*Directions*
Below are records; extract exactly the lines from the one with "5.搭架修枝:威灵仙苗高30" through the final line, including both, but drop the pictures.

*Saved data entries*
:::::

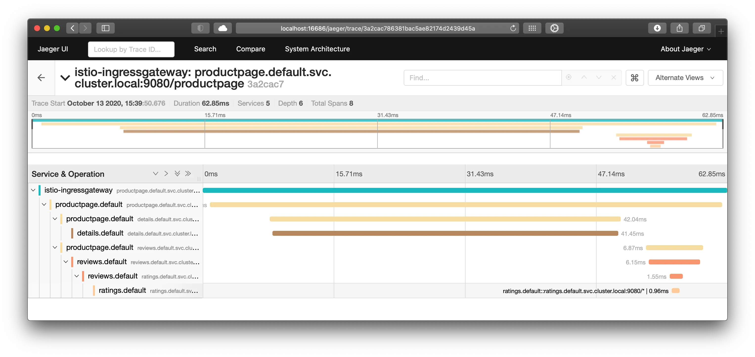 The sample Bookinfo application is configured to collect trace spans using Zipkin or Jaeger. Although Istio proxies are able to automatically send spans, it needs help from the application to tie together the entire trace. To do this applications need to propagate the appropriate HTTP headers so that when the proxies send span information to Zipkin or Jaeger, the spans can be correlated correctly into a single trace.
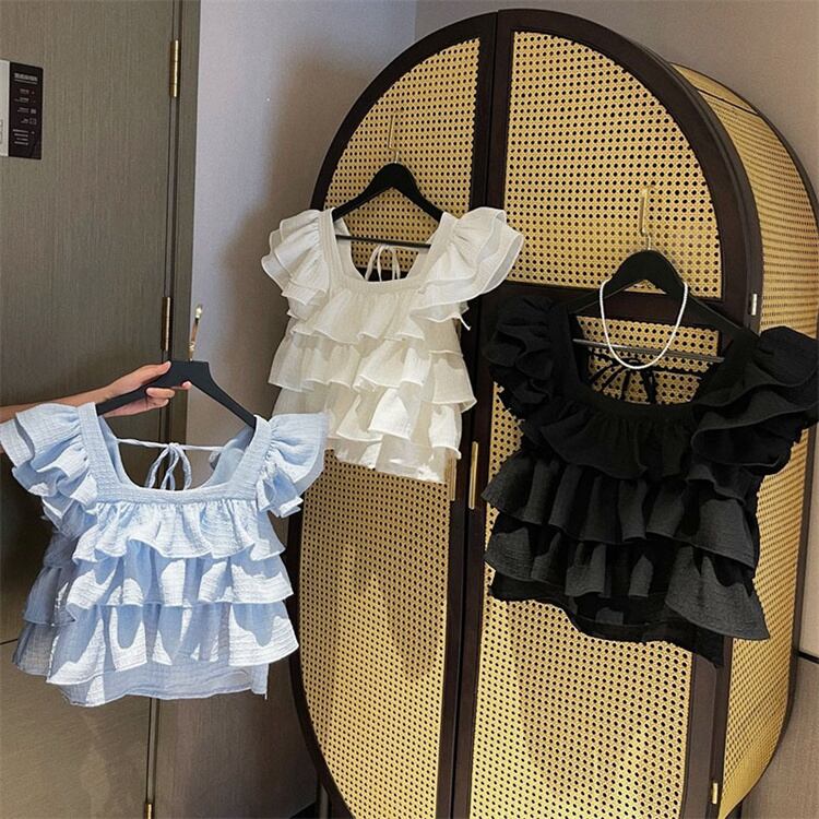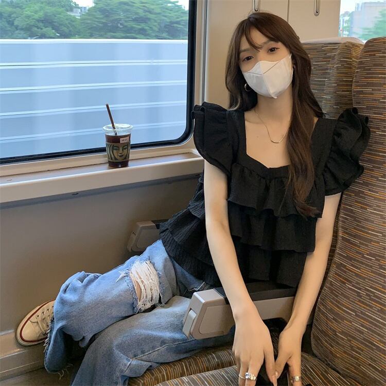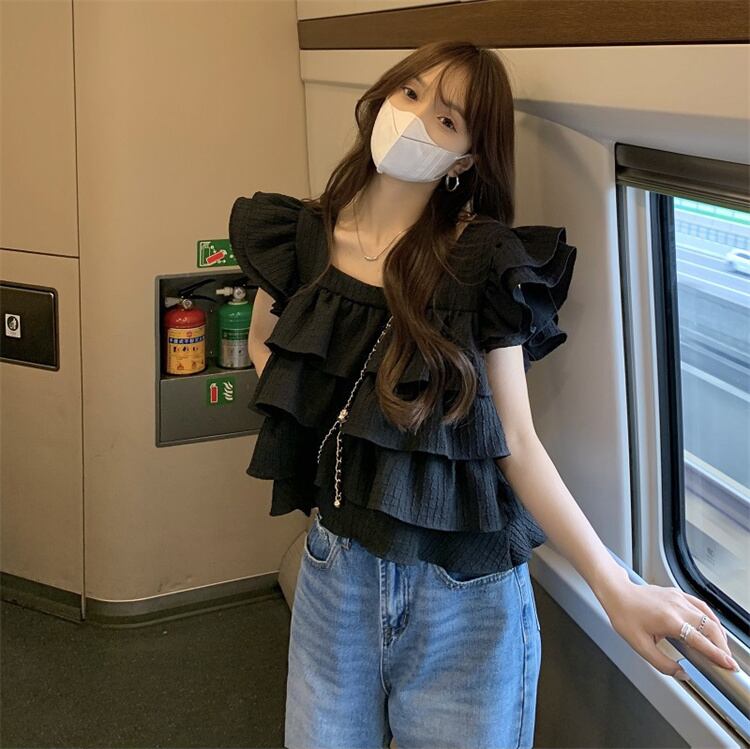 フリル袖 気質 スクエアネック 上着 半袖 ケーキのブラウス シャツ
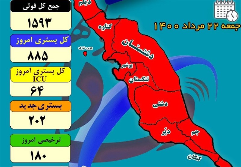 رئیس دانشگاه علوم پزشکی بوشهر با بیان اینکه روزانه بیش از یک‌هزار نفر بیمار مبتلا به کرونا در استان بوشهر شناسایی می‌شود خاطر نشان کرد: در 24 ساعت گذشته 202 بیمار جدید در بخش‌های کرونایی بیمارستان‌های استان بوشهر بستری شدند.
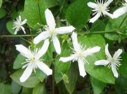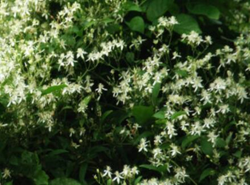 5.搭架修枝:威灵仙苗高30~50厘米时用树枝等架材在行间搭架供植株攀缘生长,避免茎、叶堆聚缠绕在一起,因通风透光不良而影响生长,为促进根系发展适当剪去过密的藤条。
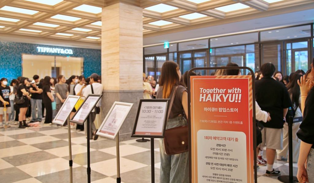 1회차 사전예약 고객 대기 공간인 본관 1층 광장에서는 전날 오후 6시부터 대기가 시작돼 하이큐의 인기를 실감케 했다. 입장이 시작된 후 팝업스토어는 고객들로 인산인해를 이뤘으며 팝업 오픈 5분 만에 한정상품 굿즈인 캐릭터 피규어가 모두 소진되는 등 굿즈 품절 대란을 일으켰다.

:::::

*Reply to the exercise*
 5.搭架修枝:威灵仙苗高30~50厘米时用树枝等架材在行间搭架供植株攀缘生长,避免茎、叶堆聚缠绕在一起,因通风透光不良而影响生长,为促进根系发展适当剪去过密的藤条。
 1회차 사전예약 고객 대기 공간인 본관 1층 광장에서는 전날 오후 6시부터 대기가 시작돼 하이큐의 인기를 실감케 했다. 입장이 시작된 후 팝업스토어는 고객들로 인산인해를 이뤘으며 팝업 오픈 5분 만에 한정상품 굿즈인 캐릭터 피규어가 모두 소진되는 등 굿즈 품절 대란을 일으켰다.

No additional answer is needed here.